Fame has always been a fleeting, but ultimately enticing goal that supersedes even basic emotions. In the world of “Toby Dammit”, the highest acclaims have long since left its protagonist on the verge of total collapse. Propelling him through the dark demise is the innocence of tainted youth and the fearlessness of mechanisms. It is a constant balancing act between false ideals and materialistic goals which present unenviable solutions. The golden chariot that carries him through the nightmare, a Ferrari Fantuzzi, is an icon leading the way as he revs ever closer to a certain demise. This vivid beast of a machine is stylish to a fault and embodies a materialism that can only be encountered by those rich enough to get behind the wheel.
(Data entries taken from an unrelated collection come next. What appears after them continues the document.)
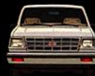
S-10 Blazer (100.5" W.B.) 4-Passenger Seating Available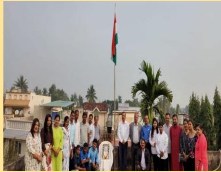
Republic Day Celebration at State Coordination Office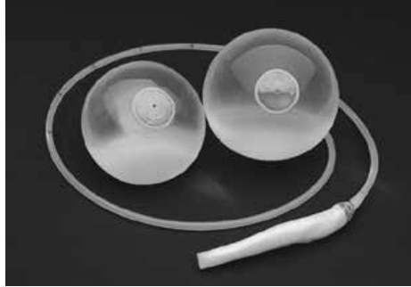
Figure 1. ORBERA™ filled to 400 cc and 700 cc with unfilled system in the foreground

ORBERA™ (Figure 1) is designed to assist weight loss by partially filling the stomach.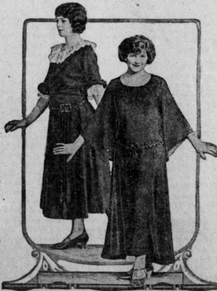
TWO EXAMPLES OF THE FULLER SKIRT

The dress at the left has a straight, wrinkled bodice with a waistline lower at the front than at the back. The full skirt is straight also. Frills of lace finish the round neck and elbow sleeves which terminate in a puff of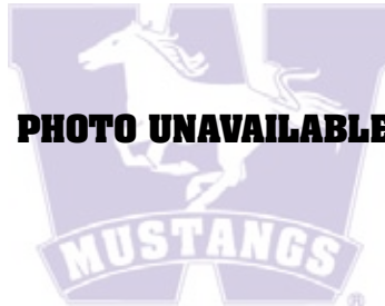
NAME: James McClelland HOMETOWN: Markham, Ont. PROGRAM: IMS EVENTS: 100/200m Back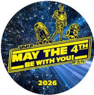
National Star Wars Day May 4, 2026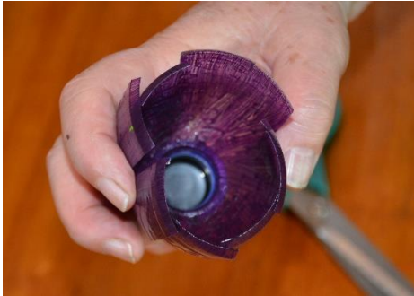
Figure 17: Make eight cuts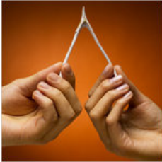
The Lucky Break of Rent Stabilization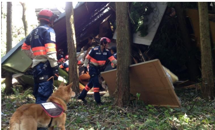
Search and rescue operation

Immediately after powerful earthquakes struck Kumamoto in April 2016, PWJ dispatched its rescue team and search-and-rescue dogs to save victims. They searched for missing people in the stricken areas of Mashiki town and Minamiaso village in collaboration with firefighters, police, and Ground Self-Defense Force personnel.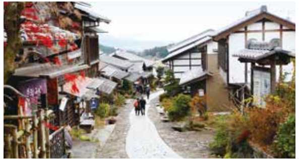
Magome-juku, an old post town on the Nakasendo road

Gifu Prefecture is endowed with a beautiful natural environment represented by magnificent mountains, pristine streams and traditional culture, all of which have long been cherished by the local residents. A large number of people visit Gifu to experience a wide range of these great features. In 2020, tourists visiting roadside stations and other rest areas accounted for the highest proportion of tourists visiting Gifu Prefecture among all destination types, followed by sports and recreation, historical and cultural destinations, urban tourism (shopping and cuisine), hot springs and health promotion, and natural attractions.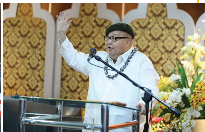
National Artist for Literature, Mr. F. Sionil José delivers his keynote address at the Iowa International Conference.

In this Fellini envisioned delusion, there is no more symbolic gesture than the car’s use as a token of success among the excesses. The real world, just as it is in Dammit’s Italian version of the universe, promotes indulgences to the masses over truly important goals.

Those who have fame need more, those who want it will do anything to have it. There is a resonance that only true power, wealth, and fame can fill the voids that make up any human. The logic alone creates a never-ending cycle of wanting more, even when it takes someone to extremity. Like Dammit’s dilemma, a force leads people to their own breaks in the road. Only the driver can make the choice to go forward into their own abyss or turn around for an uncertain universe that awaits them. It was the ultimate ’60s game with a decadent punishment that no-one could afford.

Tales told through the ages connect and define human conditions into one complex form. When it came to 1968’s brand of horror, those varied stories came closer to the truths than many could face. In Spirits of the Dead, viewers failed to find a refuge as they encountered the harsh realities which fiction hides so well. Whether kept at bay or fully functioning, the film was a cautious embrace of the unspoken monsters that ensconce themselves among flesh and bones.